Strauss’ other observations are scarce more encouraging. German youths, appalled by modern amorality, “would have been impressed as much as we were, by what Winston Churchill said after the defeat in Flanders about Britain's finest hour.” Individual greatness remains possible in the modern age, despite our pretensions to equality. The right statesmen might help appease nihilists’ concerns with modern civilization. This is plausible, but waiting around for another Churchill is not a viable option today. And our political class gives us little hope that such role models will emerge.
What about the church? Strauss observes that the German youths “knew that they were the sons and grandsons and great-grandsons of godless men.” Perhaps a more religious Germany would not have fallen for the pagan myths of National Socialism. Today, the rise of illiberalism has also coincided with a rapid decline in religious institutions. Still, waiting around for revival is not a practicable solution to immediate political and economic problems.
A final clue might lie in the “fallacy” Strauss identified above. The nihilists believed that the communist understanding of the future was correct. This was wrong, as many understood even then.
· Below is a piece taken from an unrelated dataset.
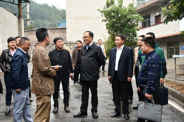2021年10月13日,黔東南州委常委、市委書記王鎮義(中)到金泰工業廢渣綜合利用回收有限公司走訪,為企業辦實事。李靖 攝

One doubts, however, that exposing the German youths to the arguments of Mises and Hayek would have done much good. The notion that the future is unknown and unknowable is unlikely to appease someone worried history is heading in the wrong direction. It may not actually be the case that communist utopia is the inevitable end point of history. Yet that refutation does not supply nihilists with a definite, alternative vision.
What then will stop the tide of nihilism? We cannot sit around in hopes of another Churchill or Great Awakening. If there aren’t enough old-fashioned teachers, and economic refutations don’t work, what then? Are we to keep going up against the post-liberals with our charts and fact-checks?
To answer these questions, we must first deepen our understanding of the problem. If the nihilists of the 1930s were reacting against the vision of the future offered by communism, what is the modern equivalent? What vision of the future are today’s nihilists reacting against? And what is the alternative vision? Strauss explains that “the most ardent upholders of the principle of progress, of an essentially aggressive principle, were compelled to take a defensive stand; and, in the realm of the mind, taking a defensive stand looks like admitting defeat.”
Liberals, whether on the right or left, still often come off as mere defenders of an unsatisfactory status quo. To respond effectively to nihilism and post-liberalism, liberals must recognize post-liberals’ deepest concerns, and articulate a positive vision for the future that speaks to those concerns.